What to produce: Without the pictures, print the lines from the one holding "ActiveWinnerのバ" through the last line below, both included, exactly as they stand.

Data segment:
BEGIN

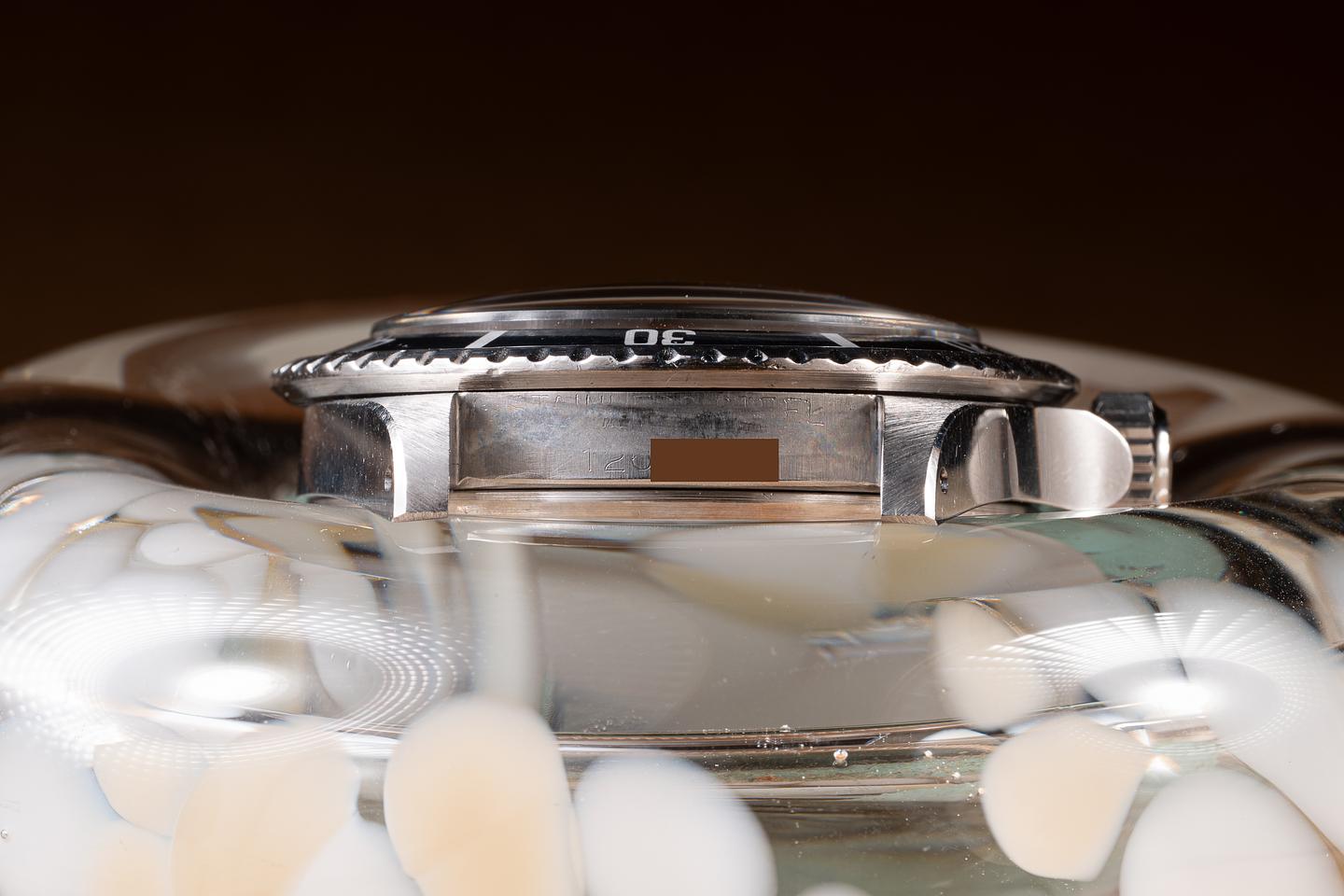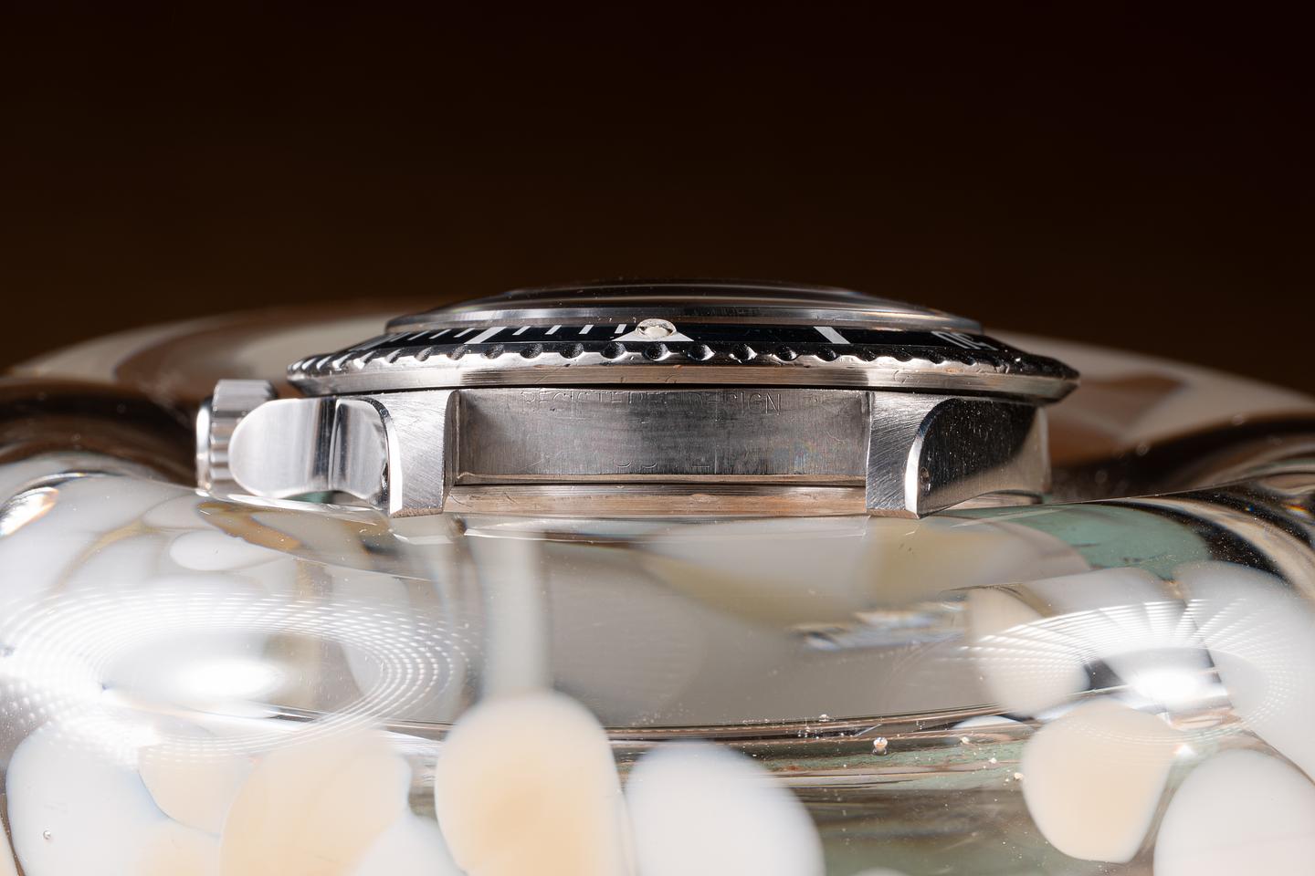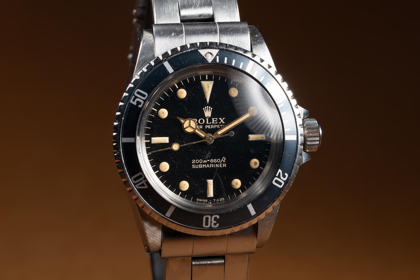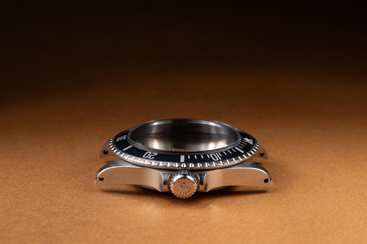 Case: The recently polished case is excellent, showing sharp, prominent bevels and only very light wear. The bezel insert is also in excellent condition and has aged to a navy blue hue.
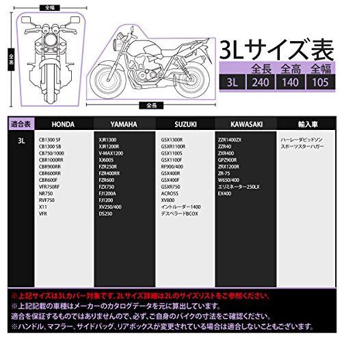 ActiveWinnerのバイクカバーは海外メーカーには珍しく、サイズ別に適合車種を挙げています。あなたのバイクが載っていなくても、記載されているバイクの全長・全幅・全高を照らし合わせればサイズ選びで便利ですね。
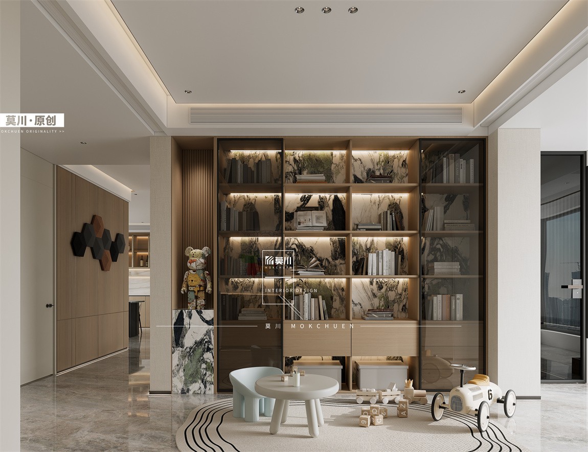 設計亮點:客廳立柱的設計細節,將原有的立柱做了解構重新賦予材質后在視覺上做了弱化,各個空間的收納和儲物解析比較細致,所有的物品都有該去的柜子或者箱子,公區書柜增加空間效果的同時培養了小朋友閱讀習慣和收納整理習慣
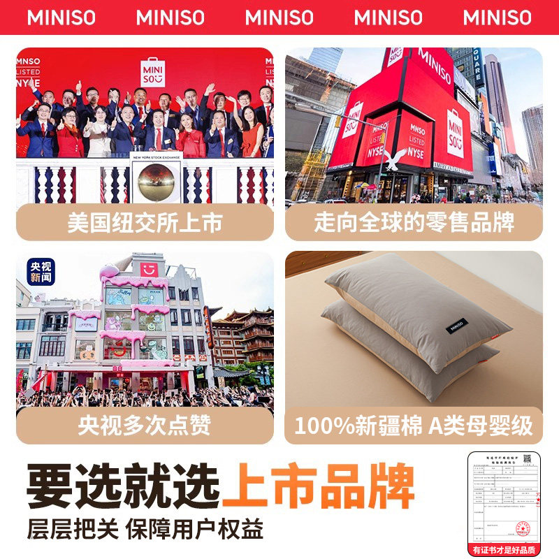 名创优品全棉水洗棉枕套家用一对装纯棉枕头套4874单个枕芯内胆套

END

Problem solution:
 ActiveWinnerのバイクカバーは海外メーカーには珍しく、サイズ別に適合車種を挙げています。あなたのバイクが載っていなくても、記載されているバイクの全長・全幅・全高を照らし合わせればサイズ選びで便利ですね。
 設計亮點:客廳立柱的設計細節,將原有的立柱做了解構重新賦予材質后在視覺上做了弱化,各個空間的收納和儲物解析比較細致,所有的物品都有該去的柜子或者箱子,公區書柜增加空間效果的同時培養了小朋友閱讀習慣和收納整理習慣
 名创优品全棉水洗棉枕套家用一对装纯棉枕头套4874单个枕芯内胆套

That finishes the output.